GPS tagged images often go unnoticed by users. Those users who use social media like Facebook, Flickr, Instagr.am, twitpic, etc directly from their mobile device may be sending their GPS location. Most social networks like Facebook and Google+ now scrub (delete) the EXIF data before images are displayed to other users. Realize that once you have uploaded a file there is no getting it back or removing it.

Device serial numbers embedded in images may seem harmless. It can be argued that serial numbers are more dangerous than sending GPS data. It has become the norm that events such as protests, demonstrations, police abuse, are documented by the masses on their smartphones. When those images are uploaded and shared, it may be possible for authorities or bad actors to identify who took the photo through their serial numbers.

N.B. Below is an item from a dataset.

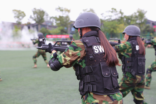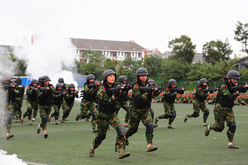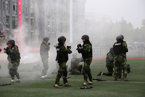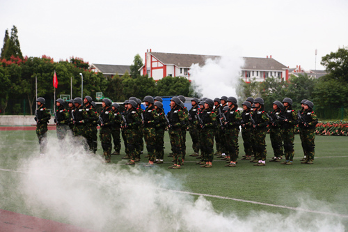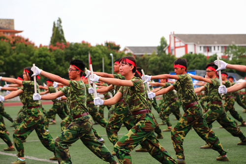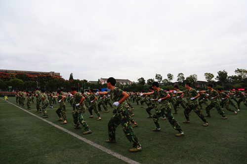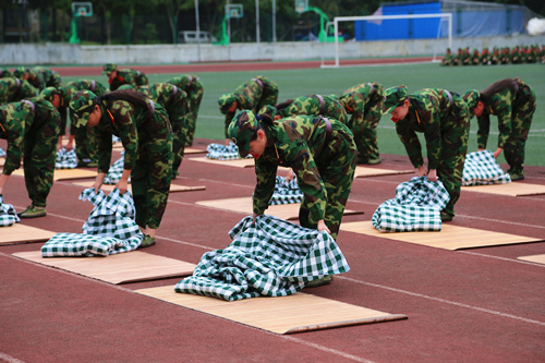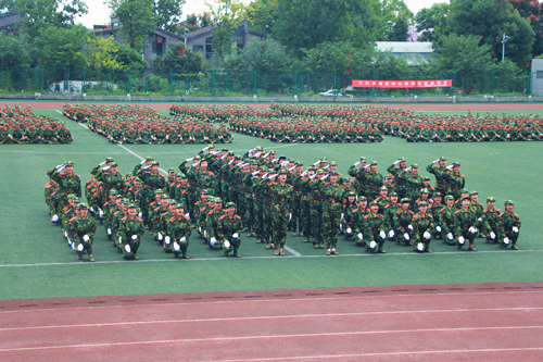 学院党委书记、院长张应辉教授在承训部队首长和2016级新生军训团团长的陪同下检阅了新生方阵。随后,汇报表演开始。本次军训汇报演出形式多样,参演的有花式表演方队、军体拳方队、军棍表演方队、匕首操方队、内务整理方队、战术表演方队,展示了同学们汗水换来的丰富成果。同学们口号嘹亮、步伐整齐,逐一通过主席台接受检阅。他们精神抖擞,饱含激情,向学院领导和师生们展示了十天以来的军训成果。

People can now be tracked through social media.

Tools to Examime Metadata

exiftool - a tool to examine exif data

Some EXIF data can be viewed on Windows by simply right-clicking on an image and selecting "properties". This does not show a complete list list of properties. We will look at all the EXIF data by using an application called exiftool.

exiftool lets you view and modify EXIF data in JPG files. You can download it to your own computer (Windows and Mac machines). CTS doesn't support it (sigh!), so we will run exiftool on moxie.
To do this, we need to log in to moxie (using PuTTy), and run it at the "command line".

Let's use exiftool...

  1. Get an image of your choosing (it must be a jpg/jpeg). Choose a OR b:
    1. If you have your cellphone with you, turn on GPS, take a picture, then email it to yourself. If you don't, ask someone in class to forward it to you from their email account. (Sending an MMS to an email address probably costs the same as sending an MMS to a mobile number.)
    2. Flickr does not remove all EXIF data. The site allows you to search images by the camera used to take the picture. Go to http://flickr.com/cameras/. Find a picture for some camera. Flickr lets you examine EXIF data.
  2. Use Cyberduck to upload your image file to moxie into your isc110 folder.
  3. Log into your moxie account using PuTTy.
  4. Move to your isc110 folder by typing: cd public_html/coursework/isc110
  5. Run exiftool by typing:
    exiftool the-name-of-your-jpg-file-including-the-file-extension
  6. Take the GPS information from your image file and find the location using Google Maps. The GPS coordinates need to be in 2 decimal degrees.
    If your GPS data looks something like 74 deg 12' 34.00 N, you need to convert it to decimal degrees.
    Use this site andrew.hedges.name/experiments/convert_lat_long to convert them, or do this simplecalculation:
      decimal_degree = deg + min/60 + sec/3600
    
      Use negative numbers for S and W
    
  7. Next, "scrub" (remove) the GPS information from your image file by typing:
    exiftool -gps:all= the-name-of-your-jpg-file-including-the-file-extension
  8. Run exiftool on the new file. How did the EXIF data change?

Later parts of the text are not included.